DATA BLOCK:

.....

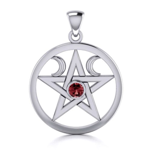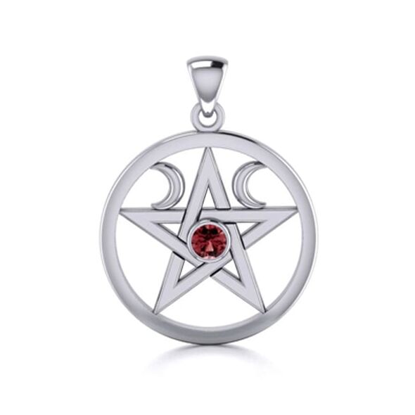 Πεντάλφα με Διπλή Ημισέληνο και Κόκκινο Γρανάτη για Έλξη, Γοητεία και Ευημερία – Ασήμι 925°
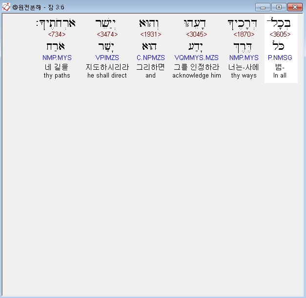 히브리어구약BHS,6 בְּכָל־דְּרָכֶיךָ דָעֵהוּ וְהוּא יְיַשֵּׁר אֹרְחֹתֶיךָ׃
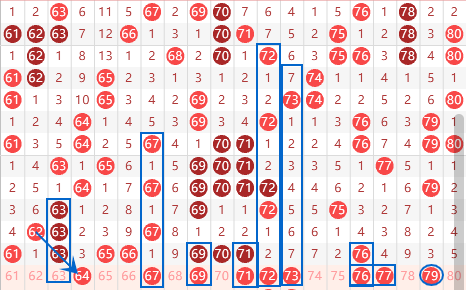 本期的64号数字我们要注意一下,最近期数中63 65都是把64夹出来了,所以本期我们就要注意一下。本期的67号数字是属于空一对称号码,我们可以防守一下的。上期开出了三连号69 70 71,本期这里我们也是要做重号的,重点关注一下69 71号数字走重的情况。本期72号数字是属于空二对称,我们可以防守一下。本期我们要注意一下76 79同出的情况,或者防守一下76 77号数字同出的情况。

.....

INSTRUCTIONS FOR THE TASK: An exact copy of the listing is required; return it without any pictures.

YOUR RESPONSE:
 Πεντάλφα με Διπλή Ημισέληνο και Κόκκινο Γρανάτη για Έλξη, Γοητεία και Ευημερία – Ασήμι 925°
 히브리어구약BHS,6 בְּכָל־דְּרָכֶיךָ דָעֵהוּ וְהוּא יְיַשֵּׁר אֹרְחֹתֶיךָ׃
 本期的64号数字我们要注意一下,最近期数中63 65都是把64夹出来了,所以本期我们就要注意一下。本期的67号数字是属于空一对称号码,我们可以防守一下的。上期开出了三连号69 70 71,本期这里我们也是要做重号的,重点关注一下69 71号数字走重的情况。本期72号数字是属于空二对称,我们可以防守一下。本期我们要注意一下76 79同出的情况,或者防守一下76 77号数字同出的情况。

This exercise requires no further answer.